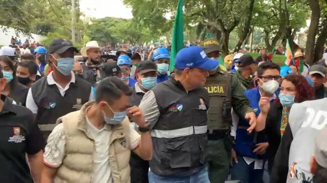 Agreden al Secretario de Seguridad de Cali durante manifestaciones de la minga
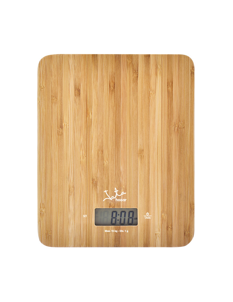 Capacidad 15 kg. Graduación 1 g. Superficie en bambú prensado de producción sostenible de 5 mm. Alta precisión electrónica. Visor “LCD” autoluminiscente. Reloj integrado. Función de tara. Funciona con 2 pilas “AAA” de 1,5 V (no incluidas). Garantía 3
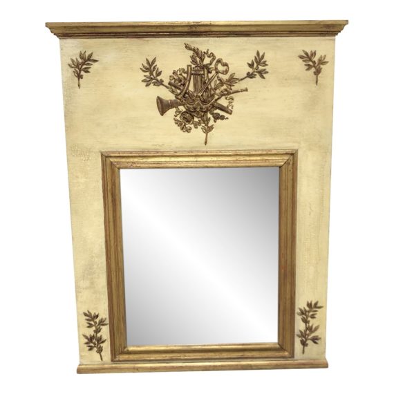 Design Plus Gallery presents a Empire Style Cream + Gold Gilt Mirror. The frieze is exaggerated to showcase an intricate carving of instruments and ribbon in gold gilt with a red paint underneath. An internal molding encapsulates the mirror in the same gold gilt application. The cream paint of the background has a crackly finish. Visible wear is a part of the old world charm, mirror is in good condition.
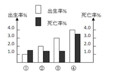 3、单选题 图为四个国家的人口出生率和死亡率图,完成问题。
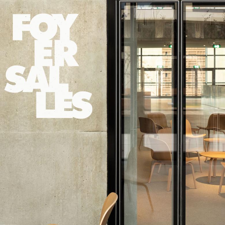 The lobby space, generous and transparent, creates links between the inside and the outside, and expresses the theater's opening to the city. The crossing foyer gives access to the two halls, and creates another link between the two public spaces that surround the building.
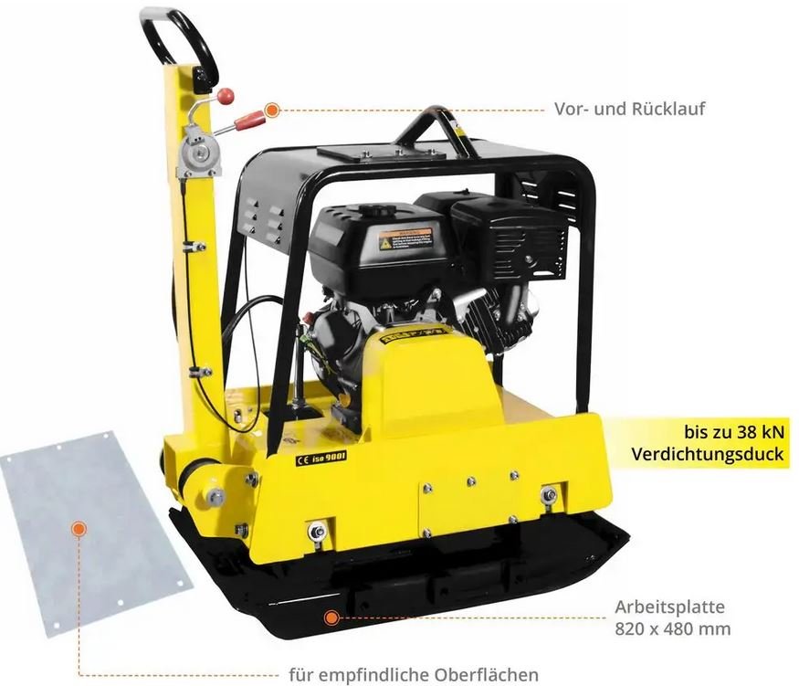 - die Rüttelplatte ist Reversierbar und verfügt über einen Vor- und Rücklauf

§ **Exercise aim**
Verbatim transcription needed, from the opening line of the entries above through the line containing "3、单选题 图为四个国家的人口出生率和死亡率图,完成问题。"; pictures do not belong in it.

§ **Problem solution**
 Agreden al Secretario de Seguridad de Cali durante manifestaciones de la minga
 Capacidad 15 kg. Graduación 1 g. Superficie en bambú prensado de producción sostenible de 5 mm. Alta precisión electrónica. Visor “LCD” autoluminiscente. Reloj integrado. Función de tara. Funciona con 2 pilas “AAA” de 1,5 V (no incluidas). Garantía 3
 Design Plus Gallery presents a Empire Style Cream + Gold Gilt Mirror. The frieze is exaggerated to showcase an intricate carving of instruments and ribbon in gold gilt with a red paint underneath. An internal molding encapsulates the mirror in the same gold gilt application. The cream paint of the background has a crackly finish. Visible wear is a part of the old world charm, mirror is in good condition.
 3、单选题 图为四个国家的人口出生率和死亡率图,完成问题。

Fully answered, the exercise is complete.